Tra gli obiettivi dei Lea c'è la riduzione dei ricoveri ospedalieri classici, in cui l'Italia è campione europeo: una lunga serie di patologie attualmente trattate in regime di degenza ordinaria devono essere trasferite in day hospital o in ambulatorio. «Per ora - spiega Campari - ne abbiamo identificate 43 (su circa 500) che vanno senz'altro trattate diversamente, perché in regime di degenza la qualità del servizio è più bassa e i costi sono maggiori: già da quest'anno l'operazione porterà un risparmio complessivo di oltre un miliardo di euro». Ma la mannaia dei Lea colpirà anche le cure sul territorio, escludendo senza appello le medicine alternative, la chirurgia estetica e moltissime altre prestazioni giudicate sostituibili con altre più appropriate o meno dispendiose.
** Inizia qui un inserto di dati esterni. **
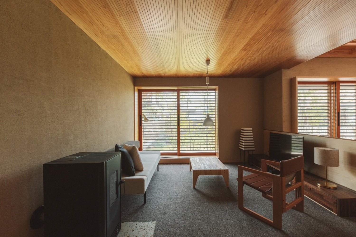 室内壁には薩摩中霧島壁、床や造作家具には無垢材、内外装のほぼすべてを自然素材で仕上げることで、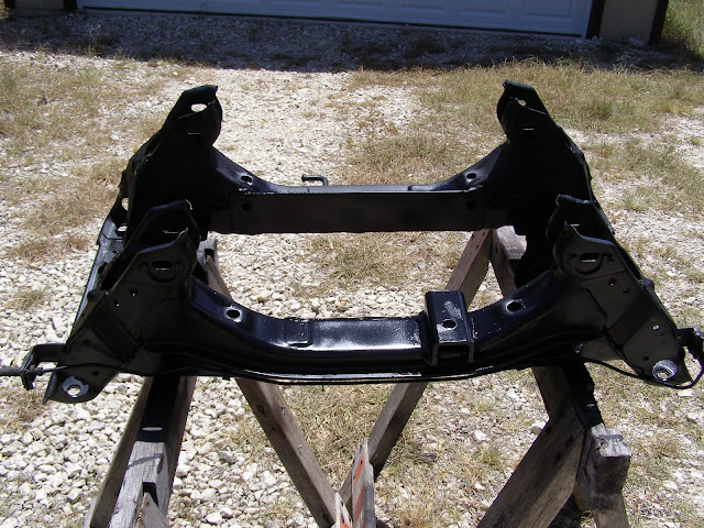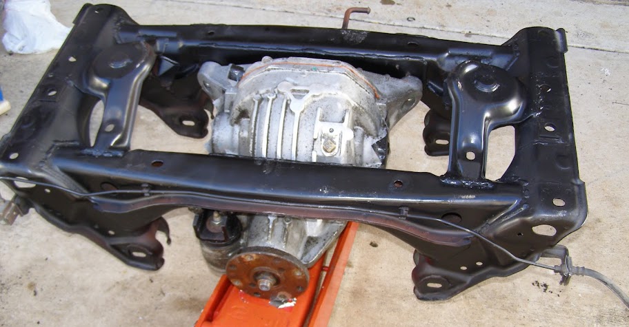 Tomorrow I use rlogan's pressure washer to remove exploded cv grease and 16 years of road grime from the old subframe. Then the suspension gets swapped over to the new subframe. Then it all goes in the car.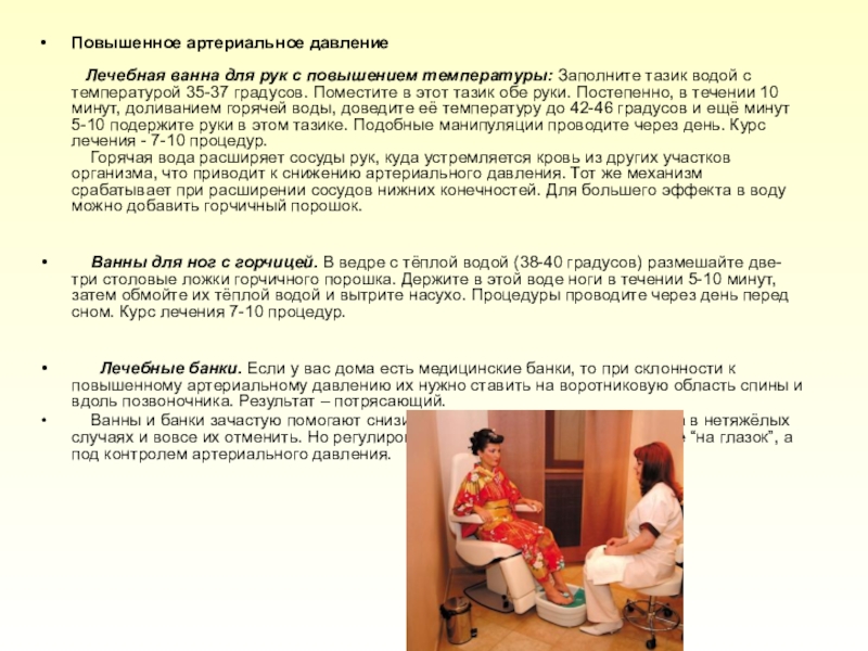 Горячая вода расширяет сосуды рук, куда устремляется кровь из других участков организма, что приводит к снижению артериального давления. Тот же механизм срабатывает при расширении сосудов нижних конечностей. Для большего эффекта в воду можно добавить горчичный порошок.
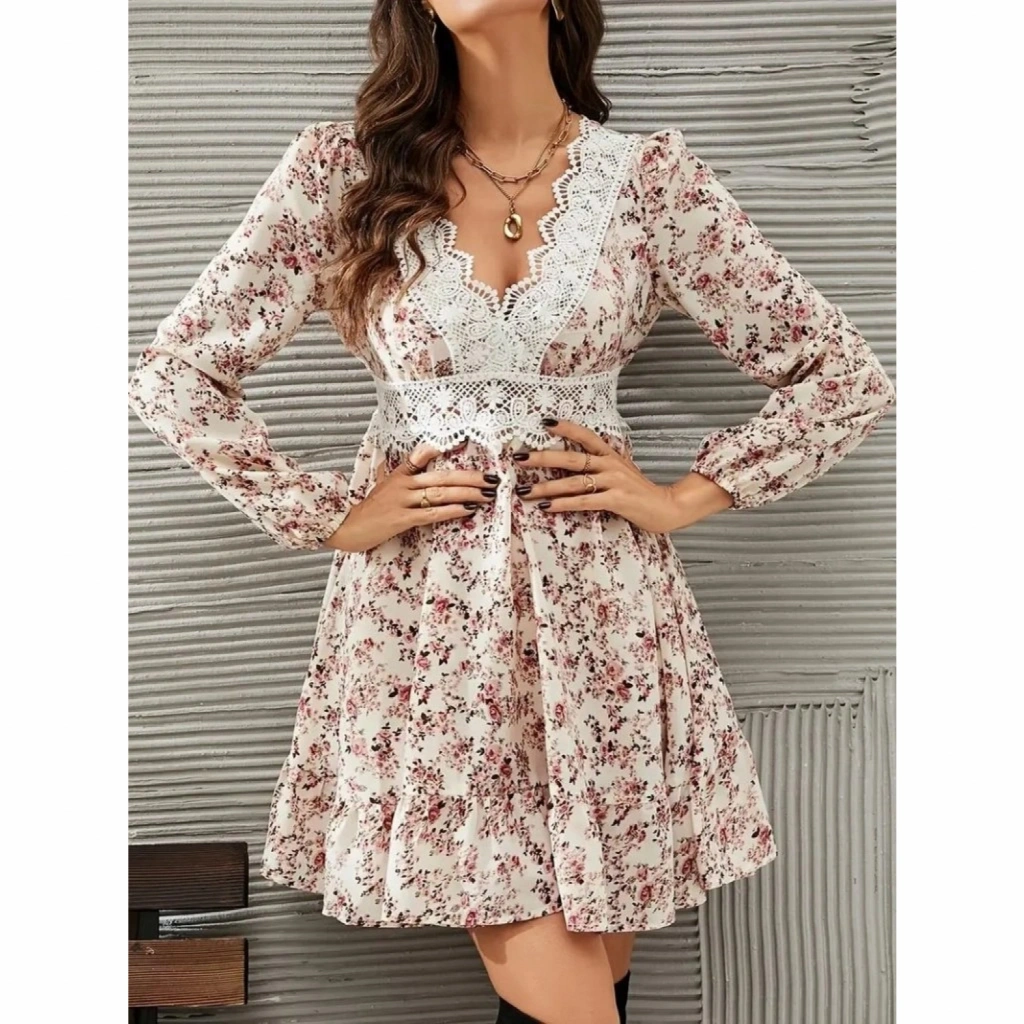 Kadın Uzun Kollu Dantel V Yakalı Mini Desenli Süprem Elbise

A compensazione dei tagli, il piano punta sulla prevenzione (dal 3,5 al 5% delle risorse), la riqualificazione e l'efficienza. Perché è inutile avere l'ospedale sotto casa se poi, al momento giusto, non ci si fida a farsi ricoverare lì e si finisce nella clinica privata del luminare. Quindi formazione, ricerca e largo alle tecnologie. I centri di eccellenza vanno distribuiti strategicamente sul territorio, i servizi d'emergenza vanno concentrati sulle vere urgenze evitando gli accessi impropri al pronto soccorso e creando ambulatori attigui che si occupino dei casi più banali. Ma la sfida più ardua sarà affrontare il rapido invecchiamento della popolazione italiana. «Per far fronte alle nuove esigenze - spiega Campari - l'unica soluzione è differenziare al massimo. Da un lato bisogna ridurre la quantità dei posti letto e migliorare il livello degli ospedali, che si devono concentrare esclusivamente sui casi acuti. Dall'altro bisogna estendere e riqualificare le reti di assistenza territoriale, che devono farsi carico della categoria sempre più estesa dei polipatologici cronici. E questo è un compito completamente in mano alle Regioni».
La ricetta, tutta da inventare, è l'assistenza il più possibile a domicilio o nei centri specifici, all'occorrenza ricorrendo anche ai privati. In sostanza, i non autosufficienti non devono più restare sulle spalle dei propri cari o abbandonati a se stessi.